As empresas que controlam as redes sociais Facebook e Twitter já avisaram que, na noite eleitoral, não permitirão a nenhuma das duas candidaturas assumirem uma vitória até que os resultados sejam considerados oficiais ou pelo menos dois meios de comunicação considerados “de referência” o tenham anunciado.
“Temos de estar preparados para a forte probabilidade de uma eleição singular e em que será necessário demorar mais tempo na contagem de votos, para garantir a sua integridade”, avisou David Becker, diretor executivo de um organismo independente de observação do processo eleitoral.
Becker diz que, em alguns Estados, como Nova Iorque, a contagem final de votos por correspondência pode demorar algumas semanas e disse não ficar surpreendido se o resultado for contestado por uma ou ambas as partes.
Se o resultado for contestado, o processo de contagem pode ser repetido, como aconteceu na Florida, de forma relevante, nas eleições de 2000, entre o republicano George W. Bush e o democrata Al Gore, atrasando o anúncio do vencedor, ou como em 2018, nas eleições intercalares, em que a contagem se prolongou por vários dias.
Em 2000, o processo foi arrastado até ao Supremo Tribunal, que demorou 36 dias até se pronunciar sobre a recontagem de votos, negando-a e dando, assim, a vitória a Bush.
Os especialistas consideram que este ano a probabilidade de contestação é muito maior, sobretudo por causa dos votos por correspondência, podendo prolongar o processo, em último caso, por vários meses.

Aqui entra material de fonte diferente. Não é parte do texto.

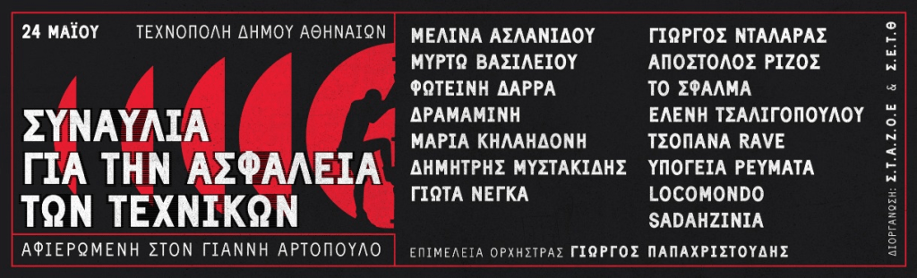 Το Εργατοϋπαλληλικό Κέντρο Σαλαμίνας στηρίζει την Συναυλία που διοργανώνει το Σωματείο Ελλήνων Τεχνικών Θεάτρου (Σ.Ε.Τ.Θ) και το Σωματείο Τεχνικών Απασχολούμενων σε Ζωντανές Οπτικοακουστικές Εκδηλώσεις (Σ.Τ.Α.Ζ.Ο.Ε) αφιερωμένη στον συνάδελφο τους Γιάννη Αρτόπουλο που σκοτώθηκε στον δρόμο της δουλειάς.

A ‘deadline’ é a data da tomada de posse, marcada pela 20.ª emenda da Constituição para o dia 20 de janeiro: neste dia, um Presidente tem de ser empossado.

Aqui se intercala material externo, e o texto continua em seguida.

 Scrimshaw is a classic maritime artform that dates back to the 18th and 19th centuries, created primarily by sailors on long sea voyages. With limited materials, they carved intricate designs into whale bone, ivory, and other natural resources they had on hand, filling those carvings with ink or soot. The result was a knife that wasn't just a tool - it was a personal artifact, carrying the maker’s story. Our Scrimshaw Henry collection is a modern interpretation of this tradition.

Mas, antes disso, o processo passa pelo Congresso, onde no dia 06 de janeiro os representantes, em nome do Colégio Eleitoral (o somatório dos Grandes Eleitores escolhidos em cada Estado), se devem pronunciar sobre quem será o Presidente.
Havendo contestação de resultados em alguns Estados, serão os elementos da Câmara de Representantes quem pode tomar decisões, caso a caso, sobre a composição do Colégio Eleitoral que determinará a maioria que elege o Presidente.
Se nos dias seguintes, e até 20 de janeiro, não houver uma clarificação política no Congresso, e enquanto decorrem novas votações no Congresso, o/a líder da bancada da maioria (que neste momento é a democrata Nancy Pelosi) poderá ser empossado/a como Presidente interino/a, por ser a terceira na linha de sucessão (depois do lugar de vice-Presidente, cuja escolha também estará condicionada).
Se eventualmente o líder da câmara de representantes não estiver disposto a aceitar o cargo passa-se para o quarto na linha de sucessão, o presidente ‘pro tempore’ do Senado, que neste momento é o republicano Chuck Grassley, escolhido para esse posto pelos seus pares, mas que pode vir a ser uma outra figura, se os democratas obtiverem uma maioria neste órgão do Congresso.